North Iredell Neighbors for Rural Life v. Iredell County[14] involved a proposed biodiesel operation intended to produce 500,000 gallons of fuel per year. The court held that the facility was an industrial use not covered within the bona-fide-farm exemption and that nonfarm uses of a farm were subject to county zoning. Key factors in this determination included the fact that the operation was not self-contained (some of the seeds used in production would be produced off-site) and that the facility would produce substantially more fuel than could be used for on-site agricultural activities.
Hampton v. Cumberland County[15] presented the issue of whether a shooting range was agritourism and exempt from county zoning. The court noted that even though the owners had qualified the property as a farm,[16] “nonfarm uses” were still subject to zoning. The court held that having one of the qualifiers as a “farm” was “sufficient evidence” of farm use but not “conclusive evidence.” However, the court found that the record before the board of adjustment did not resolve the factual determination of how the range was actually used—whether it was used occasionally by the owners and invitees for target practice or was regularly used for commercial firearms training. The court remanded the matter for findings by the board.

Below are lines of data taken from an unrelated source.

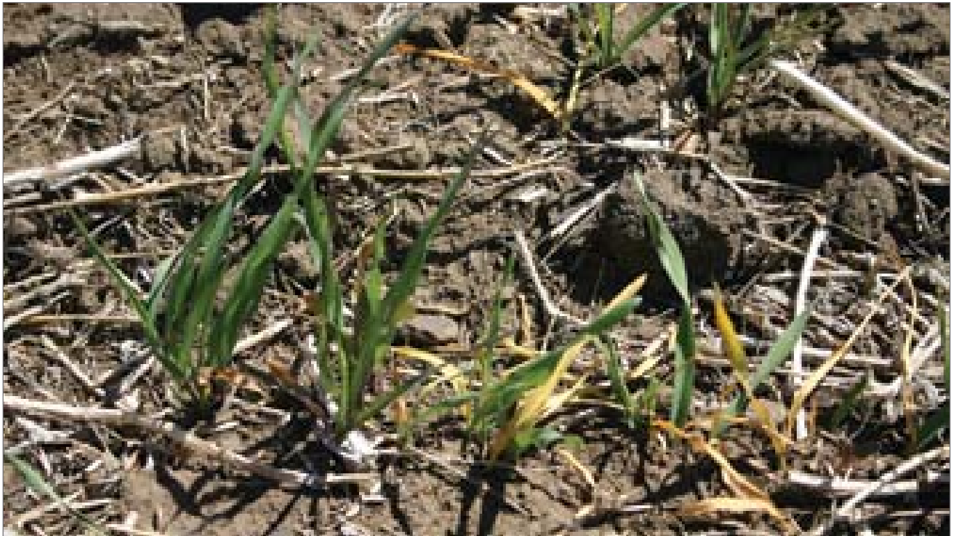
Wilting and discolouration along a seed row can indicate wireworm damage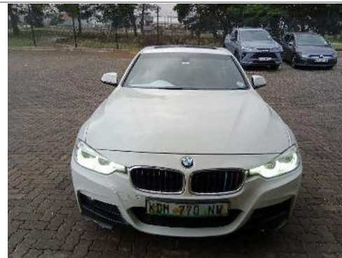
90 DEGREE FRONT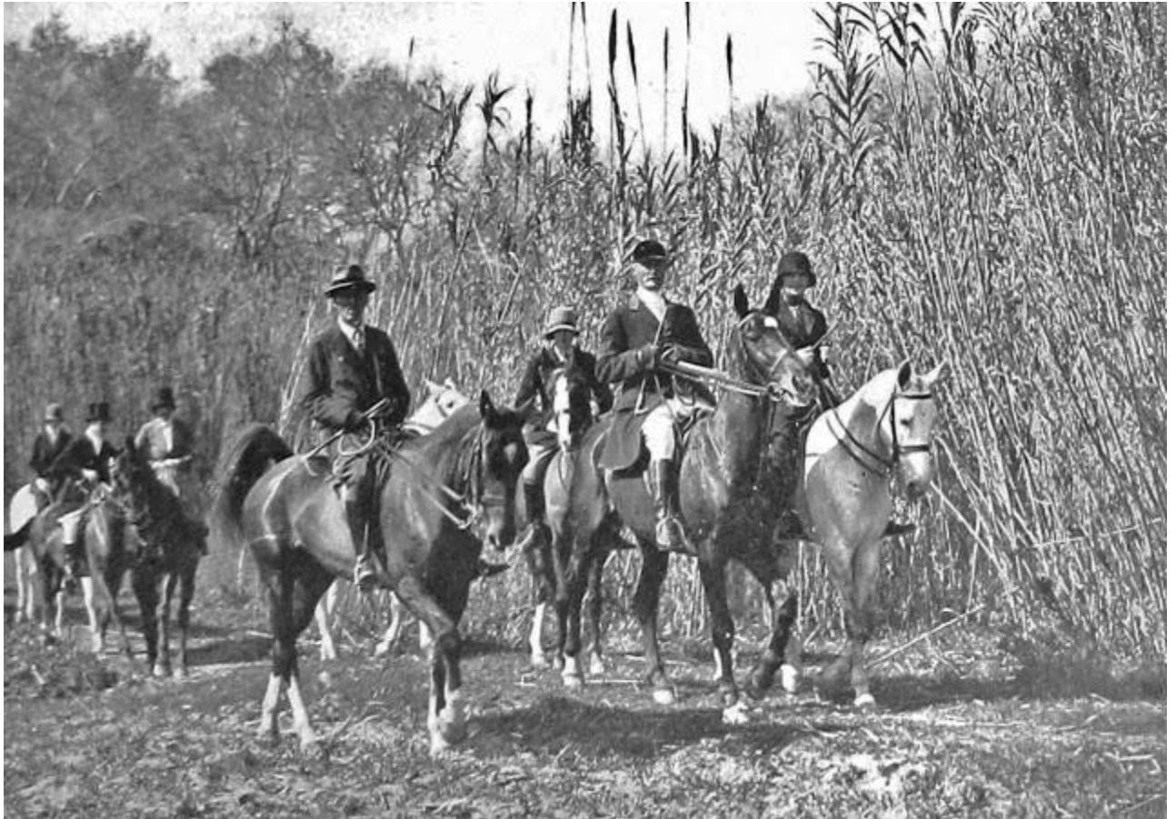
Another photograph of the Hunt. The fellow on the left is General S.E.B. Seely , the first Baron Mottistone. He had only recently resigned from his post as Secretary of State for War no less.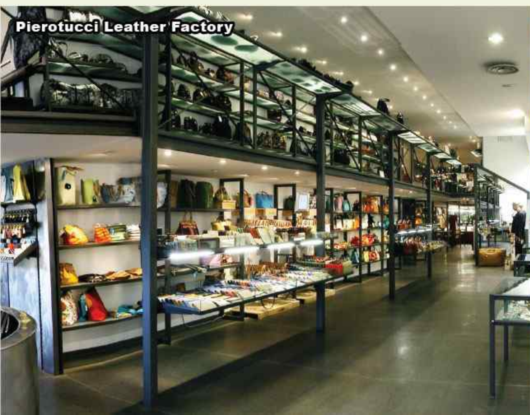
Pierotucci Leather Factory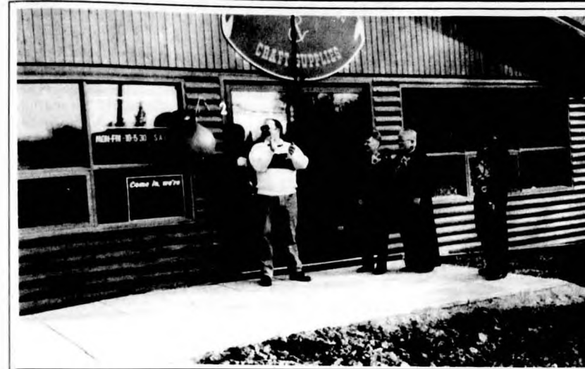
Unseasonable weather smiled upon The Grand Opening of Powerview Fabrics.

"I've made my hobby into a business." He said. "I'm not here to make a fortune, just to give the best deal possible so people don't have to drive into the city."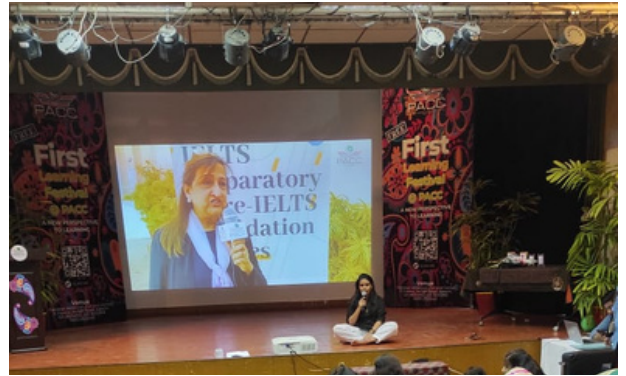
SOCIAL EMOTIONAL AWARENESS SESSION FOR LEARNING FESTIVAL BY PAKISTAN AMERICAN CULTURAL CENTRE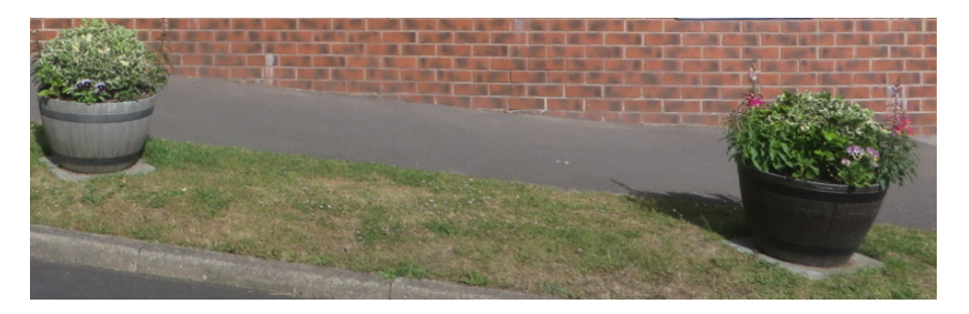
Example Barrel Planters placed by residents to prevent verge parking

4.12 Barrel Planters, filled with decorative bedding plants or other floral decations will be actively encouraged to protect verges from parking (whether funded by residents, Elected Members or Local Area Committees) subject to licensing and approval under Section 142 of Highways Act 1980 to ensure they are deployed on appropriate sites.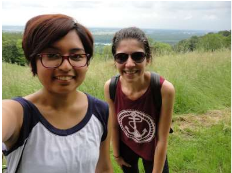
Hiking to the Michaelsberg near Bruchsal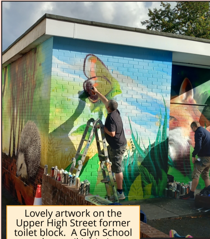
Lovely artwork on the Upper High Street former toilet block. A Glyn School and council initiative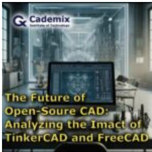
The Impact of TinkerCAD and FreeCAD in the Industry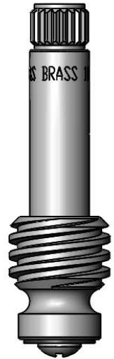
000812-25 Left Hand Spindle (Qty 1)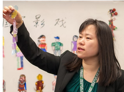
Visiting teachers introduce Chinese culture and language.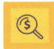
Drug Price Lookup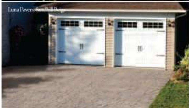
Luna Pavers, Sandhill Beige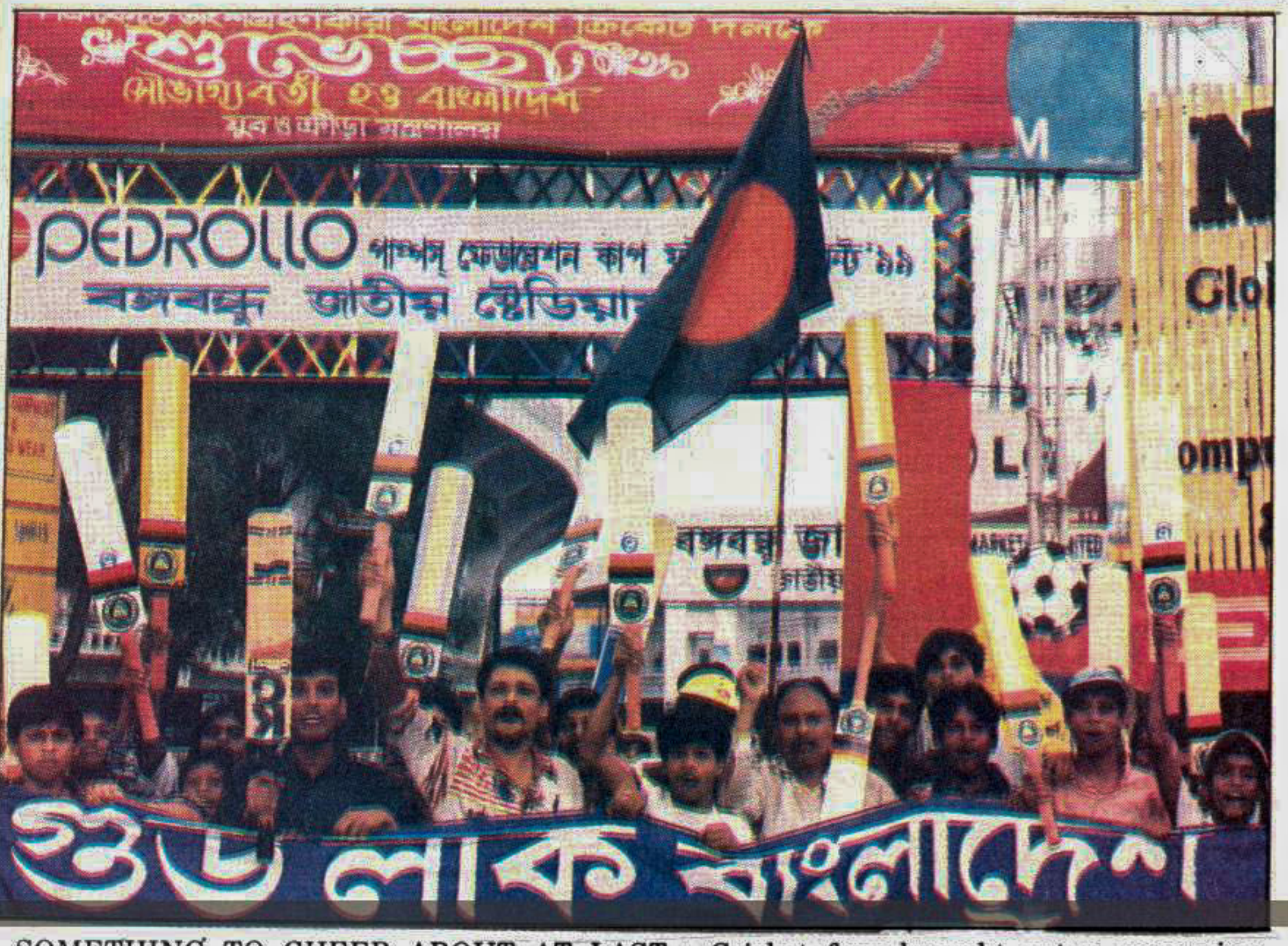
SOMETHING TO CHEER ABOUT AT LAST: Cricket fans brought out a procession around the Bangladesh National Stadium yesterday hailing Bangladesh's World Cup victory over Scotland.

Venue: Taunton. Home of county side Somerset whose former star players include such world stars as Ian Botham, Viv Richards and Joel Garner - who all played in the same side - as well as Sunil Gavaskar, Jimmy Cook, Mushtaq Ahmed, Steve Waugh and Martin Crowe. Capacity: 7,500. (AFP)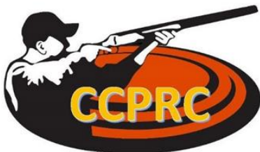
Corpus Christi Pistol & Rifle Club, Est. 1938

Please visit www.corpuschristigunclub.com for more information on what the club has to offer.

The court in Jeffries v. County of Harnett addressed whether commercial shooting activities (shooting towers, archery ranges, ranges and courses for clay pigeon shooting, rifle ranges, and pistol pits) constituted agritourism when conducted on a bona fide farm. The court noted that while hunting is a traditional rural activity, that is not the case with shooting ranges.[17] The court noted the examples of agritourism listed in the statute—“farming, ranching, historic, cultural, harvest-your-own activities, or other natural activities and attractions”—were all rural activities, and this implied that other exempt agritourism should be similar “natural” activities that could be enjoyed without alteration of the land.[18] While an outdoor shooting range may require land space that only a rural setting can provide, shooting is not purposefully performed on a farm for the aesthetic value of the farm or its rural setting. The court thus held that the shooting activities were not agritourism and were subject to county zoning.
Farmworker Housing
G.S. 160D-903(a) provides that an existing or new residence is incidental to farming and thus exempt from county zoning if it is situated on the farm, is constructed according to the residential building code, and is occupied by the owner, lessee, or operator of the farm. Other buildings or structures “sheltering or supporting” the farm use and operation also are considered incidental to the farm use. Farmworker housing on the farm, including housing for temporary farm workers, is likely also exempt if it is occupied solely by persons working on that farm.[19]
The statutes also limit the use of zoning to prohibit residential incursion into agricultural areas. G.S. 160D-903(b)[20] provides that counties may not prohibit single-family detached homes on lots greater than ten acres in size in zoning districts where more than 50 percent of the land is used for agriculture or silviculture (unless the property is in a commercial or industrial zoning district allowing a broad variety of commercial or industrial uses).
Hog Farms
As the number of large-scale hog farms dramatically increased in North Carolina in the 1990s, the General Assembly took several steps to regulate the location and management of these facilities. The General Assembly enacted uniform state standards for hog lots[21] but allowed no county zoning of hog farms.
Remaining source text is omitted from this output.